▶ DATA SHOWN:
....................
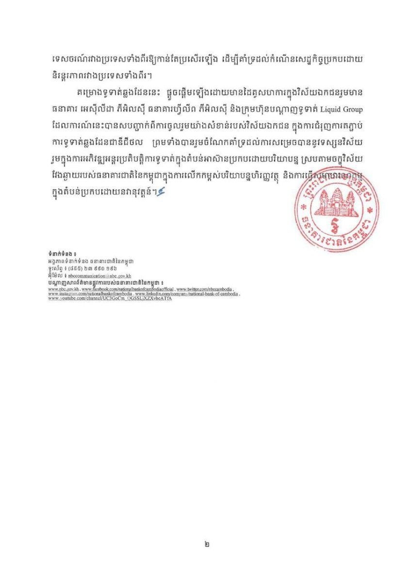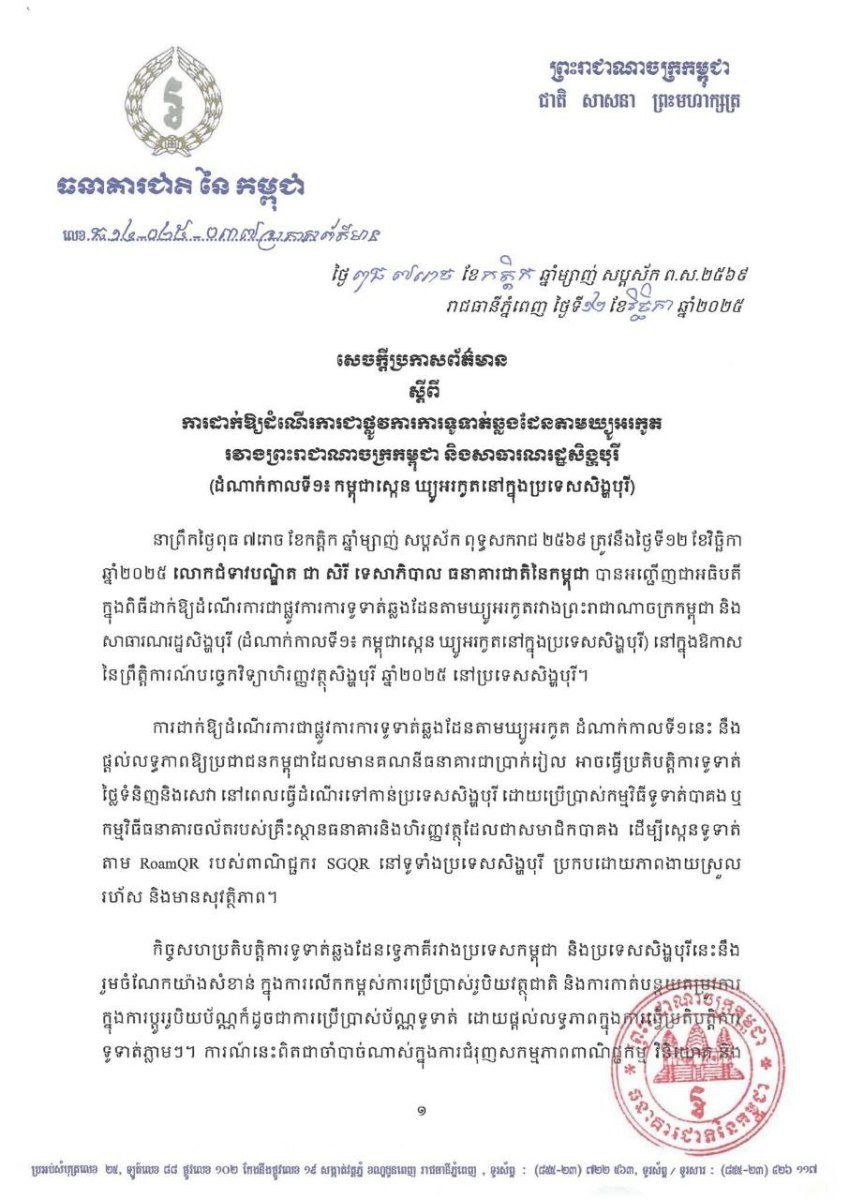 កម្ពុជា-សិង្ហបុរី ប្រកាសដាក់ឱ្យដំណើរការជាផ្លូវការ ការទូទាត់ឆ្លងដែនតាមឃូអរកូត ដំណាក់កាលទី១ ដើម្បីផ្តល់លទ្ធភាពឱ្យ ប្រជាជនកម្ពុជា ដែលមានគណនីធនាគារជាប្រាក់រៀល អាចធ្វើប្រតិបត្តិការទូទាត់ថ្លៃទំនិញ និងសេវា នៅពេលធ្វើដំណើរទៅកាន់ ប្រទេសសិង្ហបុរី
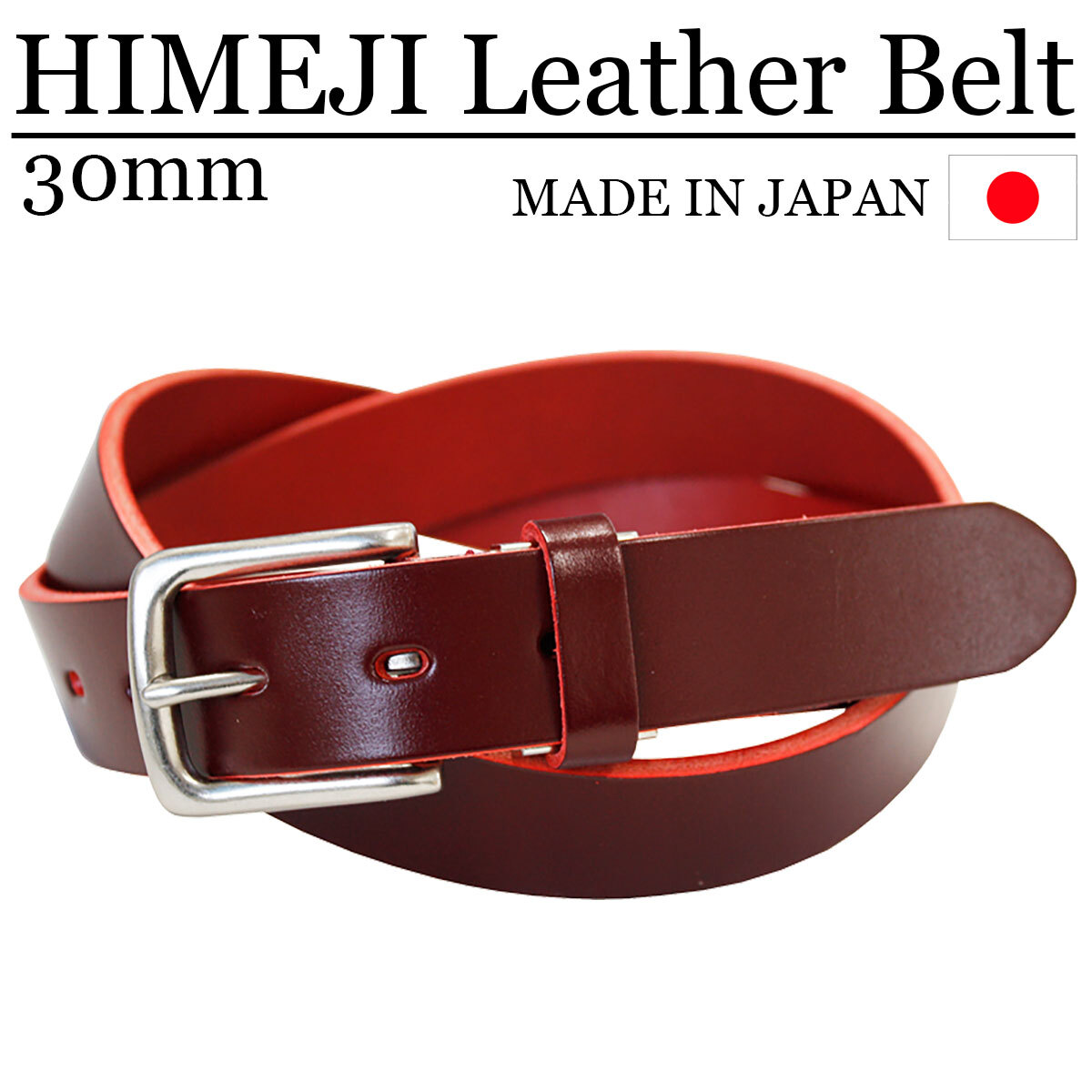 - 【 日本製 】レザーベルト 姫路レザー 本革 幅 30mm 3cm サイズ調節可能 日本タンナーズ協会 MADE IN JAPAN プレゼント ギフト レッド
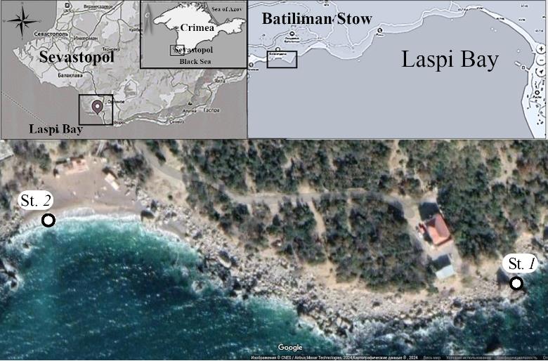 This area is highly appealing for tourists, but due to its small recreational capacity there is a danger of negative impact of mass unregulated visitation on the state of the water area ecosystem. Over the last decades, the ecological state of the concerned water area has deteriorated. This is due to the increase in the flow of visitors and development of the coastal zone, as well as the placement of mussel farms nearby (with an output of up to 83 t (per dry weight) of biosediments per year, including 3 t of protein and 1 t each of carbohydrates and lipids [8]). Recent studies have shown that the number of polychaete species has decreased from 64 (1983) to 45 (2019) [9], the macrophytobenthos stock of the Black Sea environment-forming species have decreased by about 1.5 times, whereas some bottom areas have lost vegetation at all [10]. According to the authors of work [11], in 2017–2018, the content of petroleum hydrocarbons (PHC) in the water of Laspi Bay was close to the maximum permissible levels. At the same time, in the summer of 2018, the maximum permissible concentration (MPC) was exceeded 3–4 times. The PHC content in Laspi Bay was higher than their average content in Sevastopol bays, and in 2016 the frequency of recorded cases of exceeding MPC in the bottom horizon of the water area of Laspi Bay was 25% [12, 13]. Thus, the authors indicate that the study area, previously classified as reference clean, is under a significant anthropogenic impact. Probably, the obtained results are related to the recent active development of the coastline of Laspi Bay [11].
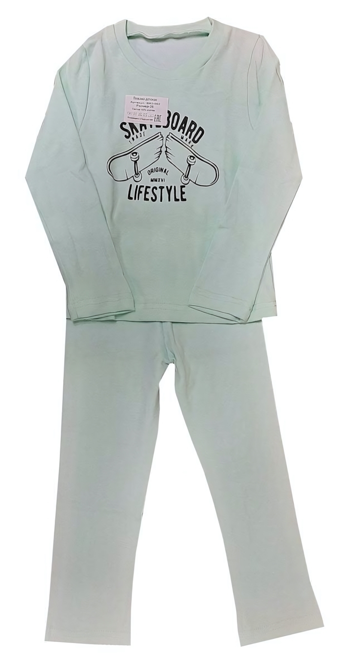 Пижама для мальчиков 'Скейтборд' 100% хлопок, размер 32, мятный
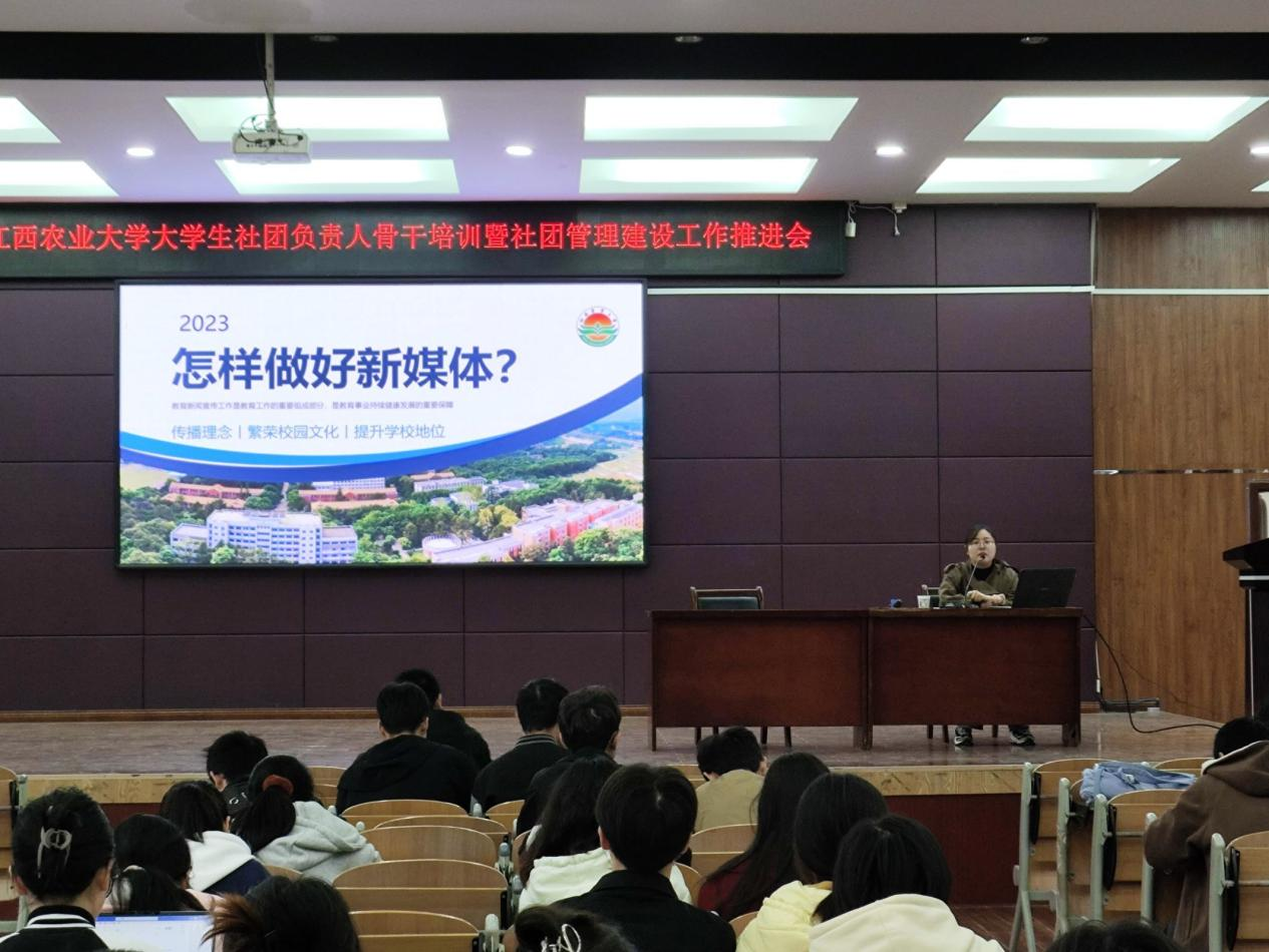 校团委副书记王成斌以“走在前,勇争先,善作为,奋力谱写学生社团高质量发展新篇章”为主题,以习近平总书记考察江西重要讲话精神为切入点,勉励学生社团解放思想,开拓进取,扬长补短,固本兴新,在学生思想政治引领上走在前,在促进学生成长成才上勇争先,在服务学校高质量发展上善作为。王绮雯老师以“怎么样做好新媒体?”为题,从照片拍摄技巧、活动宣传策划和微信公众号排版等方面为同学们传授新媒体工作技巧。廖冰以“社团建设与管理”为题,针对学生社团建设管理实施细则,从组织建设、指导规范、经费管理及注册年审等,做了逐一解读,并强调要切实遵循实施细则,坚持纪律原则,注重方式方法。校团委第二课堂部学生负责人田铮以“第二课堂发起”为主要内容从实操角度讲授了第二课堂PU校园相关活动。
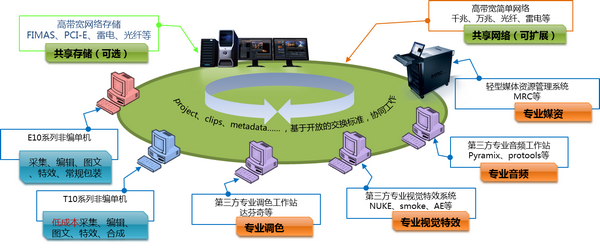 輕松聯(lián)網(wǎng),全向兼容,由單機(jī)直接組建小型離散工作組,無縫聯(lián)通第三方主流后期制作單元;全新資源管理器,靈活的移動(dòng)庫、本地庫、網(wǎng)絡(luò)庫(中心庫和自發(fā)現(xiàn)庫)資源管理;離散互聯(lián),按需共享(單機(jī)互聯(lián)、移動(dòng)交換、中央存儲(chǔ)……)。
....................
▶ WHAT THIS TASK INVOLVES:
Reproduce only the lines running from the beginning of the entries above to the line holding "- 【 日本製 】レザーベルト", inclusive. Pictures stay out of the copy.

▶ ANSWER TO THIS TASK:
 កម្ពុជា-សិង្ហបុរី ប្រកាសដាក់ឱ្យដំណើរការជាផ្លូវការ ការទូទាត់ឆ្លងដែនតាមឃូអរកូត ដំណាក់កាលទី១ ដើម្បីផ្តល់លទ្ធភាពឱ្យ ប្រជាជនកម្ពុជា ដែលមានគណនីធនាគារជាប្រាក់រៀល អាចធ្វើប្រតិបត្តិការទូទាត់ថ្លៃទំនិញ និងសេវា នៅពេលធ្វើដំណើរទៅកាន់ ប្រទេសសិង្ហបុរី
 - 【 日本製 】レザーベルト 姫路レザー 本革 幅 30mm 3cm サイズ調節可能 日本タンナーズ協会 MADE IN JAPAN プレゼント ギフト レッド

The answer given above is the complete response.